Uh-oh.  He thought we were going to a birthday party.

I explained that we *were* going to a birthday party, but not until the afternoon.  He had to go to school first.  He ignored me.

In the car, he became more anxious, repeating ‘Birthday party! Birthday party!’

In hindsight, I’m sure he knew he wasn’t going to a party.  He’s a clever one, that one.  Not much gets past him – and I know he doesn’t associate his backpack or lunchbox with birthday parties!

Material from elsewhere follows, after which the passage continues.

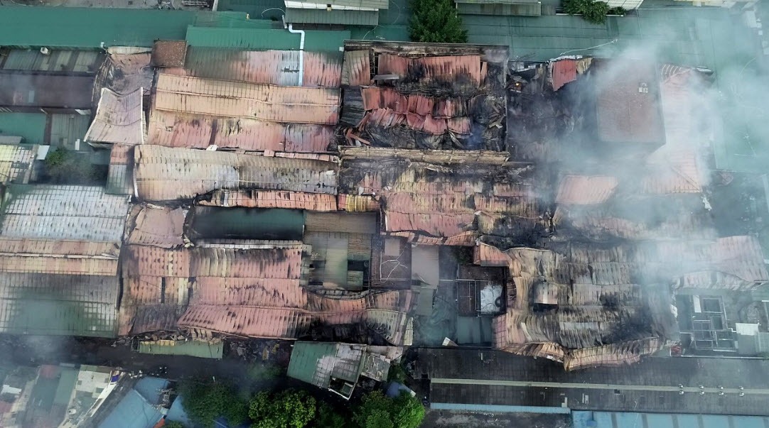 Hiện trường xảy ra vụ cháy nhà máy phích nước bóng đèn Rạng Đông.

I tried to distract him with buses, tankers and trucks.  It didn’t work.  He just kept repeating it over and over!

We pulled up to the gate and he started wailing.

I took him out of his car seat and carried him into the school.  I felt terrible.  He was clinging to me, arms around my neck.

His teacher came, took him from me and went inside.  

I was standing with the two owners of the schools – they were telling me not to worry, and that he’d be fine in a few days.

And I burst into tears.  

They consoled me for a few moments and I left.

I could hear Vinay crying inside.

Fingers and toes crossed for a good Friday morning.